As the situation is laid out, this is really beyond any reasonable definition of due care. The CA was engaged to do the 2014 and 2015 tax returns. As a starting point for correct carry forward information, he would want the 2013 Notice of Assessment, which he was provided. That provides the necessary information for 2014 and what he enters for 2014 in turn provides the carry forward information for 2015. What doesn't make sense to me is why the taxpayer didn't provide the 2014 Notice of Assessment when he received it, particular if he noticed there was a change.


----------



## Eclectic12 (Oct 20, 2010)

twa2w said:


> ... You made *the contribution in 2016 which really has no bearing on your *2014 and *2015 returns as it could not be deducted on those returns or reported on those returns.*
> That reporting would not take place until the 2016 return was filed. Your contribution would not show on CRA records until much later when reported by your RSP holder.


Depends on what "spring of 2016" means. 

If the contribution was made between Jan 1st, 2016 and March 2nd 2016, the RRSP contribution *must* be reported on the 2015 tax return, where the deduction is at the tax payer's choice for this return or applied to a future tax return. It would not surprise me if CRA requires financial institutions to do a transfer of these contributions to their computers before the 2015 tax return is due and long before the 2016 tax return is due.


Cheers


----------



## redsgomarching (Mar 6, 2016)

so you don't file your taxes for 2 years, give somebody what one could expect a pile of **** paperwork and then without consulting (judging by your first post) you do an rrsp contribution to find that you didn't have any room because you (the person who failed to file their taxes) thought you would be smart. 

get a life, you are responsible here. you hired the ca for your 2014 and 2015 tax returns which have no bearing on your 2013 rrsp contribution room - assuming you aren't a nitwit and filed your taxes back for 2013 in 2014 you would have received an NOA with your RRSP contribution on it.

People like you make me sick.


----------



## twa2w (Mar 5, 2016)

Eclectic12 said:


> Depends on what "spring of 2016" means.
> 
> If the contribution was made between Jan 1st, 2016 and March 2nd 2016, the RRSP contribution *must* be reported on the 2015 tax return, where the deduction is at the tax payer's choice for this return or applied to a future tax return.
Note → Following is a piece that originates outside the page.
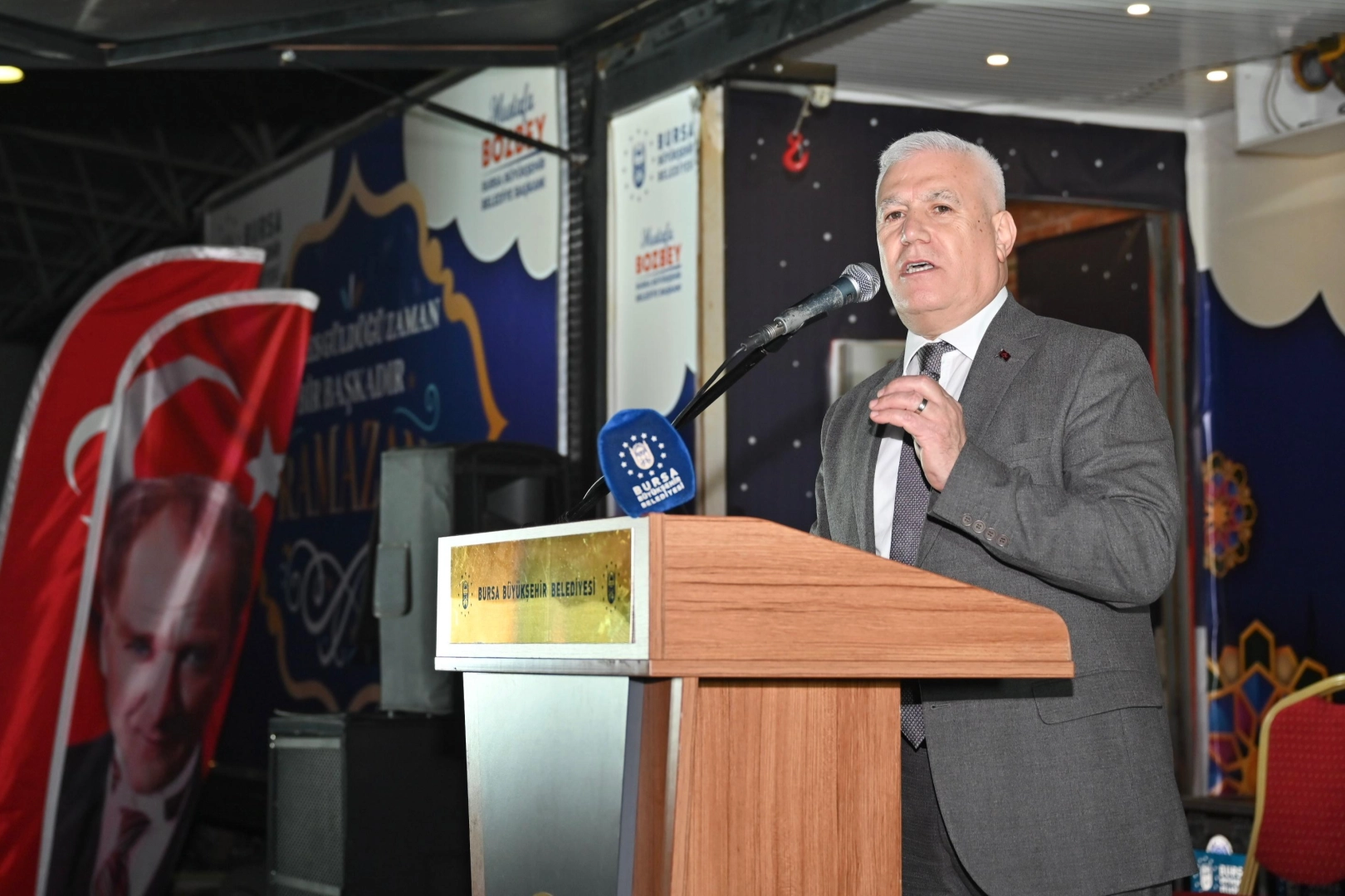 Bursa Büyükşehir Belediye Başkanı Mustafa Bozbey, Ramazan ayının paylaşma ve dayanışma ruhunu düzenledikleri programlarla artırarak devam ettirdiklerini söyledi. Her gün farklı bir ilçedeki iftar sofralarında vatandaşlarla bir araya geldiklerini belirten Başkan Mustafa Bozbey, iftar saatinde 15 ayrı noktada ise iftariyelikler dağıttıklarını anlattı. Gürsu’da birçok altyapı ve üstyapı hizmetini sürdürdüklerini dile getiren Başkan Bozbey, bir taraftan halkın ve muhtarların ilettiği talepleri yerine getirdiklerini, diğer taraftan Gürsu Belediyesi ile birlikte ortak projeleri hayata geçirdiklerini ifade etti. Her yaştan insanın gülümsediği bir Gürsu istediklerini söyleyen Başkan Bozbey, "Yakın zaman içerisinde Yakın Çevre Yolu’nu direk Gürsu’nun içine bağlayacağız. Böylece Ankara Yolu rahatlamış olacak. Gürsu TOKİ’ye giden yolla ilgili şikayetler olduğunu biliyorum. TOKİ’de yaşayan insanlarımızın kısa sürede ve güvenli bir şekilde kente ulaşmasını sağlayacak yolu kısa zamanda yapacağız" dedi.

It would not surprise me if CRA requires financial institutions to do a transfer of these contributions to their computers before the 2015 tax return is due and long before the 2016 tax return is due.
> 
> ...


Spring starts March 20 th ;-) 
But I agree we dont really know what dates OP is referring to nor when and what paperwork he supplied to the CA.


----------



## RussT (Jul 11, 2016)

This is a very confusing story.

How could a reassessment reduce the RRSP contribution limit to zero? Was 2013 income reported incorrectly as earned income for RRSP purposes but later reassessed as not eligible for RRSP purposes? Was a contribution made in 2013, not initially claimed, then claimed via T1adjust? Wouldn't the taxpayer know this? Are there other situations that the taxpayer could not reasonably know about?
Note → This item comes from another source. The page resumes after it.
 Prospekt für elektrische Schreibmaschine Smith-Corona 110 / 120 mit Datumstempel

I'm finding it hard to understand how a reasonable person would make the mistake of contributing to his RRSP when there was a zero limit. Personally I would be embarrassed to admit I did this and even more embarrassed to blame someone else.

Maybe the accountant should have caught it, but this to me is a pretty unusual situation. There are no red flags suggesting the NOA had been superseded in a way that would affect the RRSP limit to such an extent.
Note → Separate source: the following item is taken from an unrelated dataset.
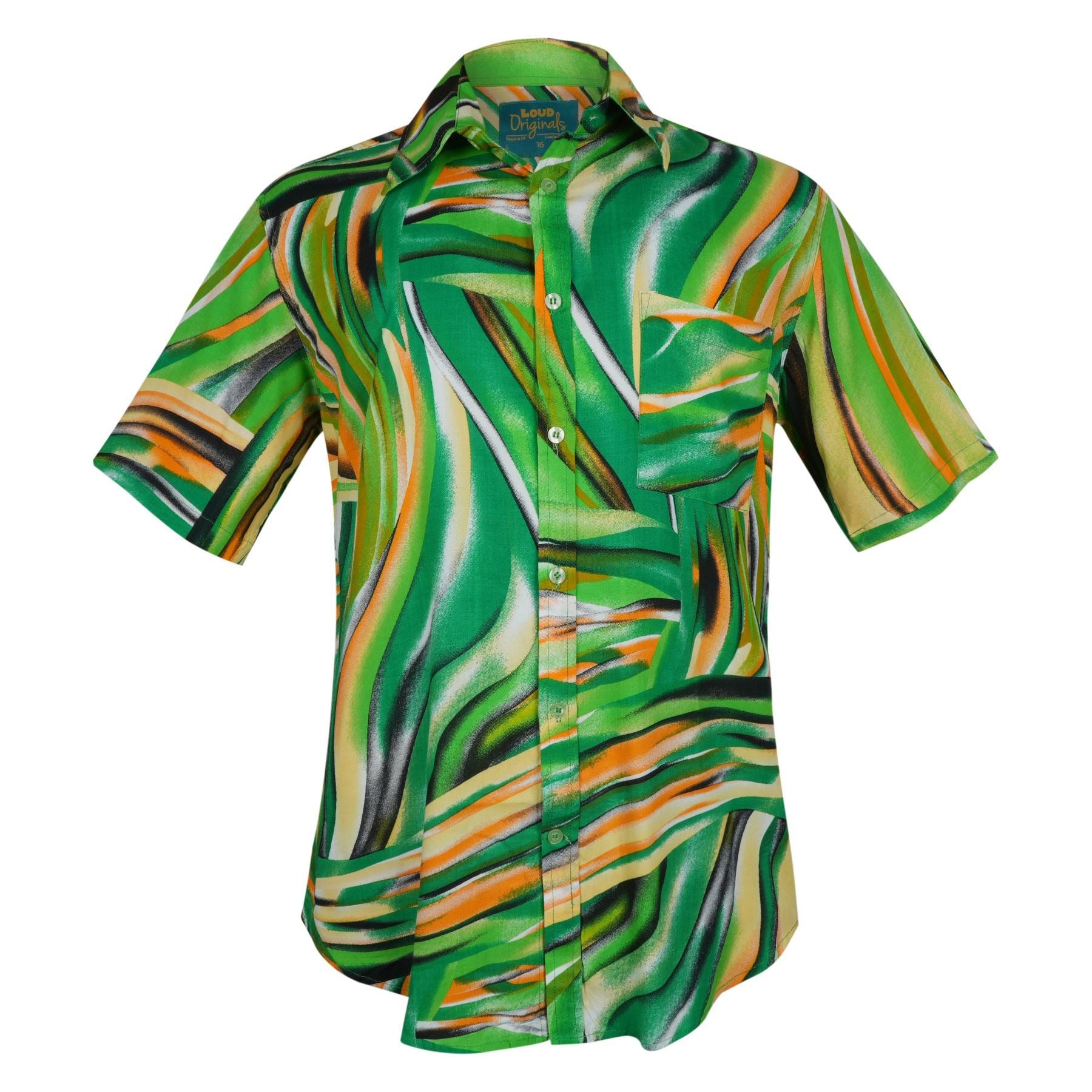 A bold abstract leaf inspired swirl of greens, yellows, and blacks that creates a dynamic jungle energy look.

Edit: Just thought of another error - failure to enter the 2013 pension plan adjustment from the T4. This would be corrected by CRA and would affect the RRSP limit although probably not to zero.


----------



## Eclectic12 (Oct 20, 2010)

RussT said:


> ... How could a reassessment reduce the RRSP contribution limit to zero?


Don't know for the OP ... but in my case, it was a mistake that a CRA data entry clerk made. I was supposed to have additional RRSP room added as I had left a DB pension. The clerk typed in the smaller number as the new limit instead.

Say that I had $20K as I don't remember the number. The pension adjustment reversal (PAR) for leaving the DB pension was calculated at $10K, which should have been added to end up with $30K. The over writing meant my limit dropped from $20K down to $10K. This meant that contributions made/deducted from four or five tax years back were reassessed as over contributions, triggering the penalty for years and increased by interest charges for not paying the penalty for years.

When I called CRA to get an explanation, it took twenty five minutes to convince the agent that I needed details and five minutes for the error to be found. Then I had to fill out four or five requests to adjust the bogus returns then send them to CRA for review as I might choose to leave the returns as-is to pay $$ I didn't owe.


One would hope the OP has sorted through what caused the RRSP limit to be changed to zero but that is not clear.


Cheers


----------